* **Data below**:
^^^^^^^^^^^^^^^^

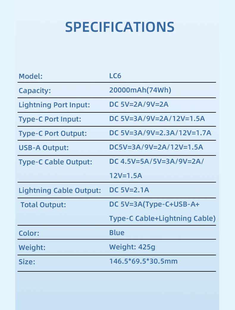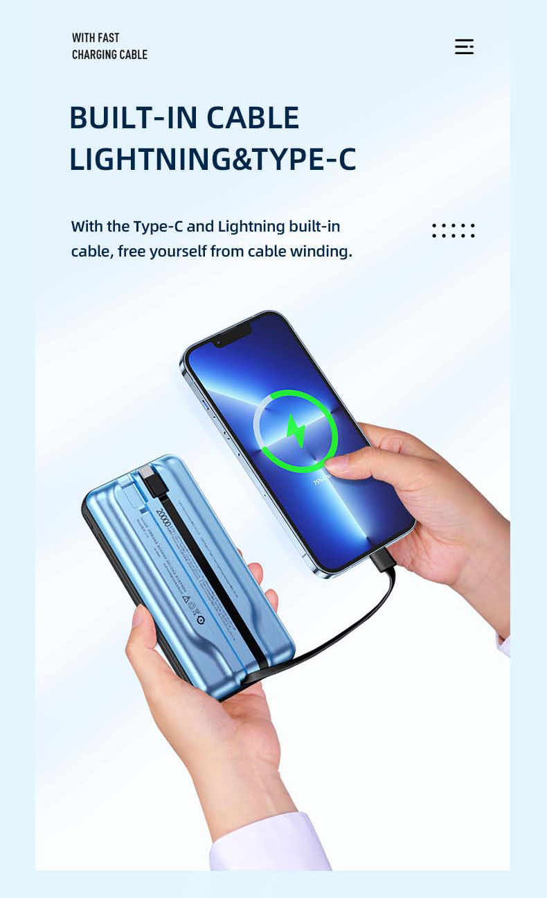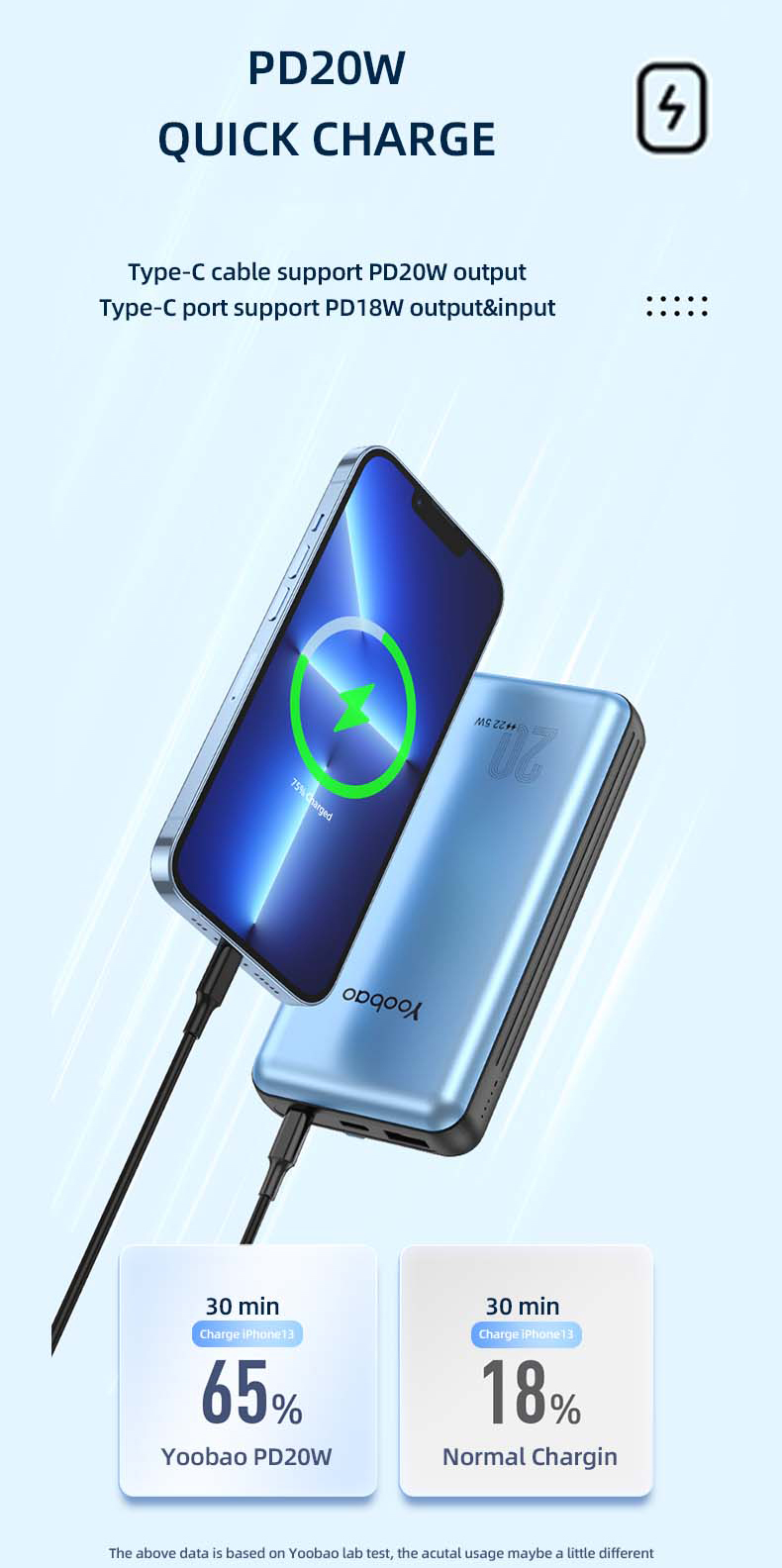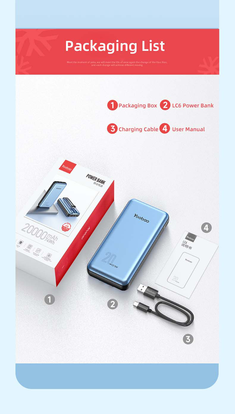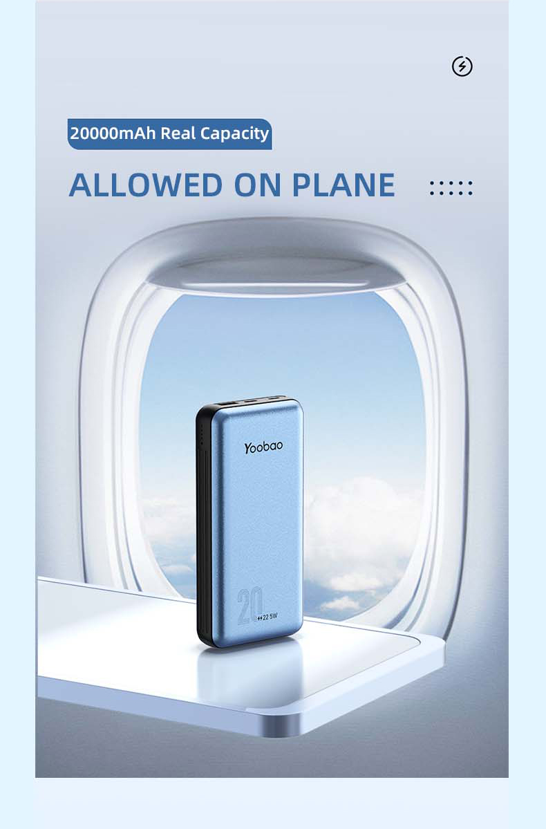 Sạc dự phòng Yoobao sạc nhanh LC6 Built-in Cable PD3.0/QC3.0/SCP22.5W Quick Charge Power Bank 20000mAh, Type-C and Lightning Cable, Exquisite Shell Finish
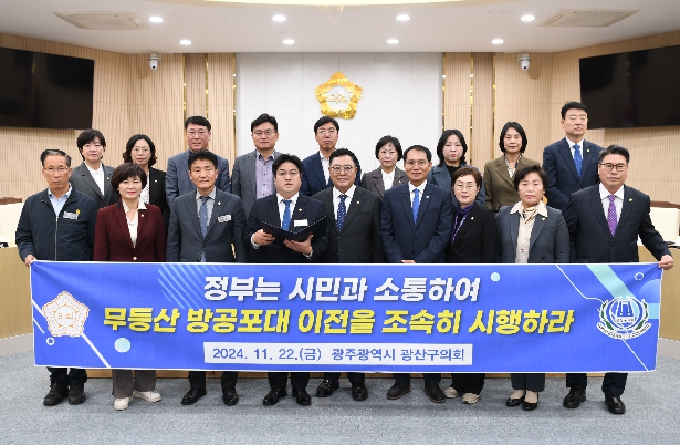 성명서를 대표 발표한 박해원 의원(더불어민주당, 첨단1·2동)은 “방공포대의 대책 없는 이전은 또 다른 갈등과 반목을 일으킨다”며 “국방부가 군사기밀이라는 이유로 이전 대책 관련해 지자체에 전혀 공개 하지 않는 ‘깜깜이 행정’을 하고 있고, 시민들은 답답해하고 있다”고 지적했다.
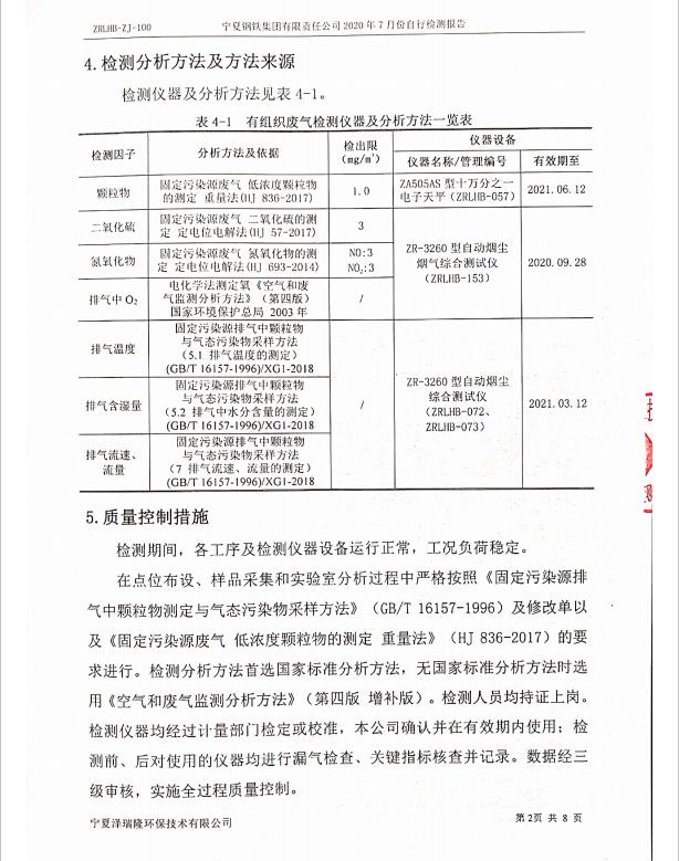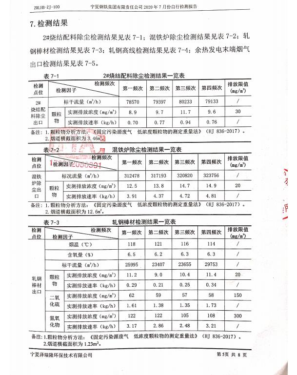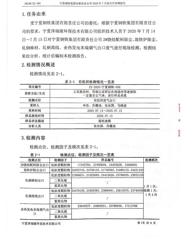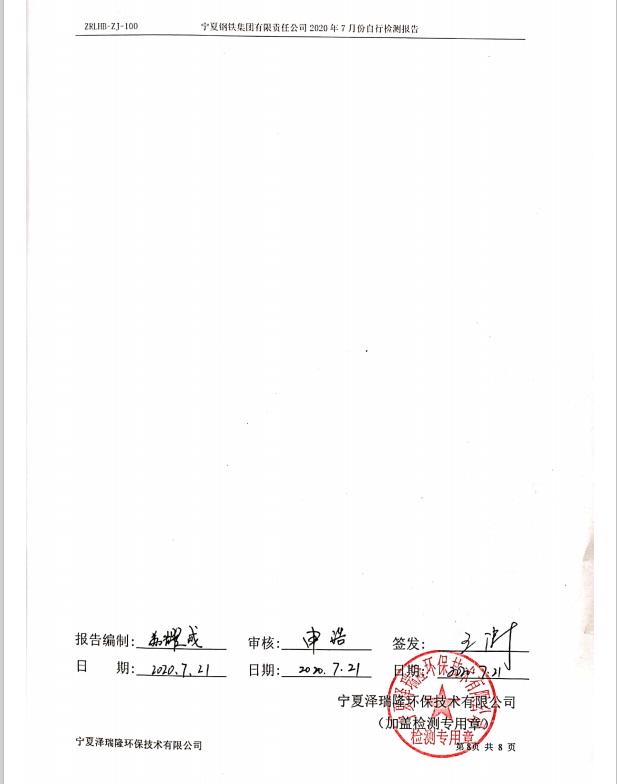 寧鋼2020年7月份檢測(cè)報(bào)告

^^^^^^^^^^^^^^^^

* **What is expected**: Leave the pictures out and reproduce exactly the lines from the line with "성명서를 대표 발표한" to the end of the material above.

* **Response area**:
 성명서를 대표 발표한 박해원 의원(더불어민주당, 첨단1·2동)은 “방공포대의 대책 없는 이전은 또 다른 갈등과 반목을 일으킨다”며 “국방부가 군사기밀이라는 이유로 이전 대책 관련해 지자체에 전혀 공개 하지 않는 ‘깜깜이 행정’을 하고 있고, 시민들은 답답해하고 있다”고 지적했다.
 寧鋼2020年7月份檢測(cè)報(bào)告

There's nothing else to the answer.